Caption: Mendagri Tito Karnavian didesak mundur usai membuat gaduh polemik empat pulau Aceh. Suaranetizennews,- Diera Presiden Jokowi suasana gaduh sesama pejabat kerap dibiarkan berlarut-larut. Berhari-hari di layar kaca televisi, masyarakat cuma melihat debat panas gontok-gontokan Rocky Gerung vs pendukung Jokowi.

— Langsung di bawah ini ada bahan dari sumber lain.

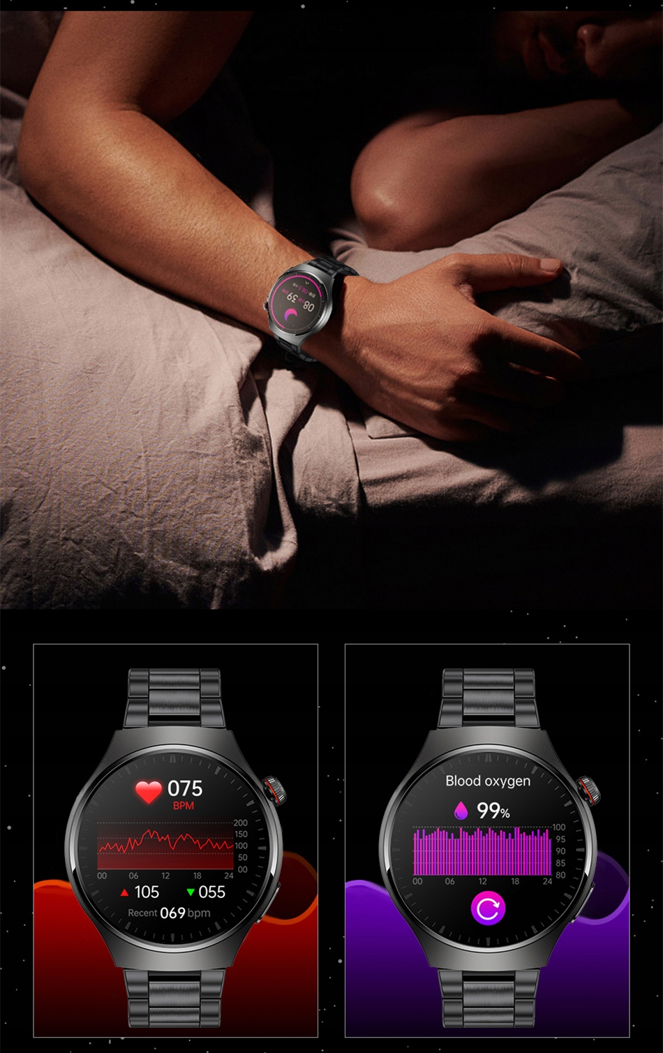 Годинник оснащений оптичним датчиком, який дозволяє вимірювати частоту серцевих скорочень, артеріальний тиск, оксигенацію крові та температуру.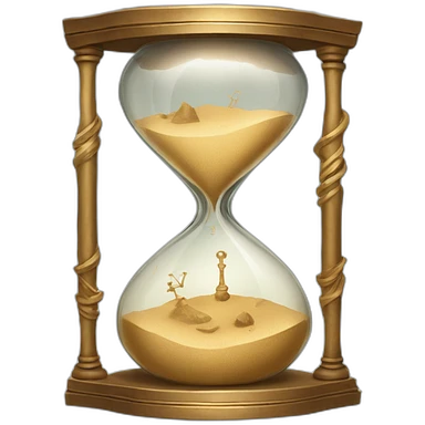 A broken but still ticking sand clock with ancient design and shining glass emoji

Sampai-sampai Publik dibuat gregetan dan bertanya-tanya; dimana Presiden Jokowi, mengapa dia tidak konfrensi pers membuat pernyataan sikap tegas, untuk menyelesaikan kegaduhan yang terjadi?
Sikap Jokowi yang tidak mau tampil, menurut Pengamat Politik Rocky Gerung, menunjukan bahwa watak Jokowi yang sesungguhnya adalah dalang dari pemain wayang. “Jokowi selalu berusaha berada pada posisi dibalik layar, meski publik sudah menunggu ketegasan presiden untuk memutuskan masalah yang berlarut-larut,”ujar Rocky dalam sebuah diskusi.
Beda dengan Kepemimpinan Presiden Prabowo saat ini. Ketika kegaduhan muncul akibat polemik empat pulau yang diperebutkan Gubernur Sumut dan Gubernur Aceh, Presiden Prabowo dengan tegas mengambil sikap dan memutuskan bahwa empat pulau tersebut masuk wilayah Provinsi Aceh.
Tito Sumber Kegaduhan
Menteri Dalam Negeri Tito Karnavian menjadi tersangka utama sumber kegaduhan. Tak ayal, dia pun menjadi pusat serangan kritikus handal Netizen Indonesia, usai Presiden memutuskan empat pulau tersebut masuk wilayah Aceh.
“Dia pikir masih di era mulyono, bisa atur pimpinannya yang plonga-plongo,”tulis akun x @rohimsejati.
Karena itulah, muncul desakan termasuk dari suara netizen Indonesia, meminta Tito Karnavian mundur dari jabatannya.
Pasalnya, Mendagri Tito dinilai telah membuat gaduh lantaran berupaya memindahkan kepemilikan empat pulau di Provinsi Aceh ke Provinsi Sumatera Utara (Sumut) lewat keputusan menteri dalam negeri (Kepmendagri) Nomor 300.2.2-2138/2025.
“Sudah seharusnya Tito mengundurkan diri dari jabatannya. Hal itu sebagai konsekuensi logis dari keputusannya yang sudah membuat keresahan, setidaknya bagi warga Aceh,” kata pengamat komunikasi politik dari Universitas Esa Unggul, M.Jamiluddin Ritonga kepada Suaranetizennews.
Menurut Jamiluddin, ditinjau dari aspek politis maupun strategis yang berkenaan dengan keutuhan Negara Kesatuan Republik Indonesia (NKRI), kebijakan yang dibuat Tito sebelumnya mengancam stabilitas nasional.
“Tito sudah keliru dalam mengambil keputusan. Karena itu, secara moral sudah seharusnya Tito mengundurkan diri dari Mendagri,” kata mantan Dekan Fikom IISIP Jakarta ini.
Sebelum mengundurkan diri, Jamiluddin menyarankan Tito untuk terlebih dahulu meminta maaf kepada warga Aceh secara terbuka. Mengingat, akibat keputusannya itu Tito sudah membuat warga Aceh resah dan marah.
Bahkan, kata Jamiluddin, keputusan Tito sudah membuat gesekan warga Aceh dan Sumut. Gesekan itu hampir membuat stabilitas politik nasional goyah.
“Permintaan maaf itu diperlukan untuk mengobati goresan warga Aceh, akibat keputusan ceroboh tersebut. Setidaknya menjadi obat penawar bagi warga Aceh dan memulihkan kepercayaan kepada pemerintah pusat,” pungkas Jamiluddin.